# Task description:
Beginning at the top of the data below, restate every line word for word until the line containing "まず初めは「色鬼ごっこ♪」園庭中の色を探しています。" has been included, and omit the pictures.

# Material provided:

################

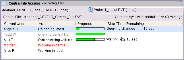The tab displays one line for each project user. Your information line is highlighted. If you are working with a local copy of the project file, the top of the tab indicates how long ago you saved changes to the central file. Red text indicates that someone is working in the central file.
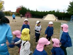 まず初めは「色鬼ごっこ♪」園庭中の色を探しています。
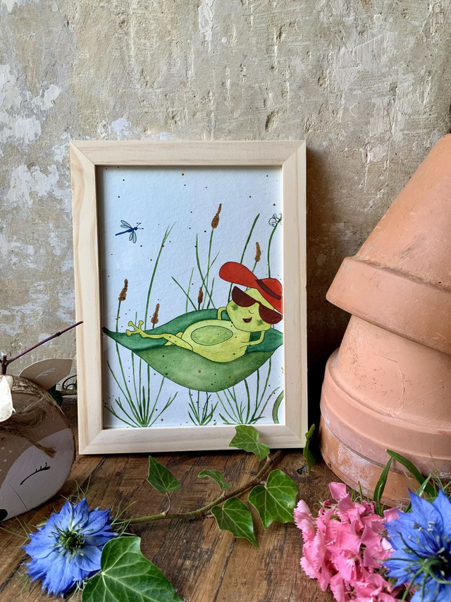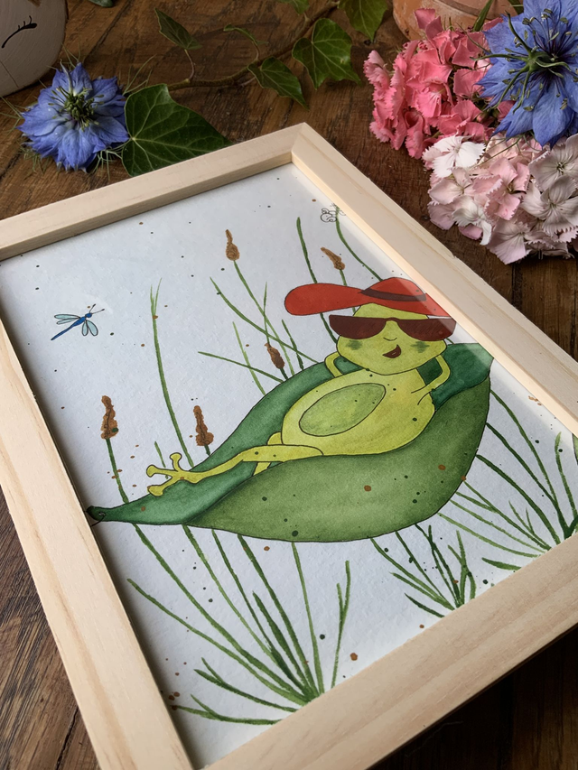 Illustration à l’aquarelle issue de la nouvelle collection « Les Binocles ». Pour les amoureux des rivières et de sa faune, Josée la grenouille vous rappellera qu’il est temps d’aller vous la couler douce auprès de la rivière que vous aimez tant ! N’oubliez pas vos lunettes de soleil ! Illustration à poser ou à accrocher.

################

# Exercise answer:
The tab displays one line for each project user. Your information line is highlighted. If you are working with a local copy of the project file, the top of the tab indicates how long ago you saved changes to the central file. Red text indicates that someone is working in the central file.
 まず初めは「色鬼ごっこ♪」園庭中の色を探しています。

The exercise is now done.